1

If one defines the Euclidean norm of the matrix $A$ as follows

$$\|A\| = \sqrt{\mbox{tr}(A^H A)}$$

where $A^H$ is the conjugate transpose of $A$.

Then what would be the derivative of $\|A\|$ with respect to matrix $A$ itself?

I am looking for a general formula.

Actually, I have a solution from my professor but I couldn't find the reference to that.
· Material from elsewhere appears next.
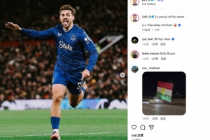 霍尔也在赛后通过社媒晒出自己的庆祝照,并配文:“为这支球队感到无比自豪..顺带一提,我们的客场球迷(真是绝了)💙”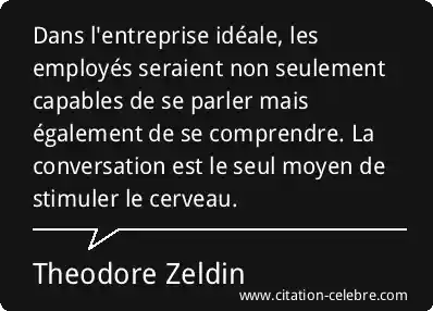 Dans l'entreprise idéale, les employés seraient non seulement capables de se parler mais également de se comprendre. La conversation est le seul moyen de stimuler le cerveau.

According to him,

$\frac{\partial ||A||}{A} = \frac{2A}{2\sqrt{tr(A^H A)}} = \frac{A}{||A||}$.

Is this solution valid or I am missing something?

3 Answers3

2

For ease of typing, I'll use the following notations $$\eqalign{ X:Y &= {\rm tr}(X^TY)\cr f &= \|A\| \cr A^H &= (A^T)^*\cr }$$ Treating $(A,A^*)$ independently, yields the Wirtinger derivatives as $$\eqalign{ f^2 &= {\rm tr}(A^HA) = A^*:A \cr 2f\,df &= A^*:dA \cr \frac{\partial f}{\partial A} &= \frac{A^*}{2f} \,\,\implies \frac{\partial f}{\partial A^*} = \frac{A}{2f} \cr }$$ If $A\in{\mathbb R}^{m\times n}$, then the standard derivative process yields $$\eqalign{ f^2 &= {\rm tr}(A^TA) = A:A \cr 2f\,df &= 2A:dA \cr \frac{\partial f}{\partial A} &= \frac{A}{f} \cr }$$ which appears to be what your professor had in mind.

Update

Some more detail on the Wirtinger derivatives.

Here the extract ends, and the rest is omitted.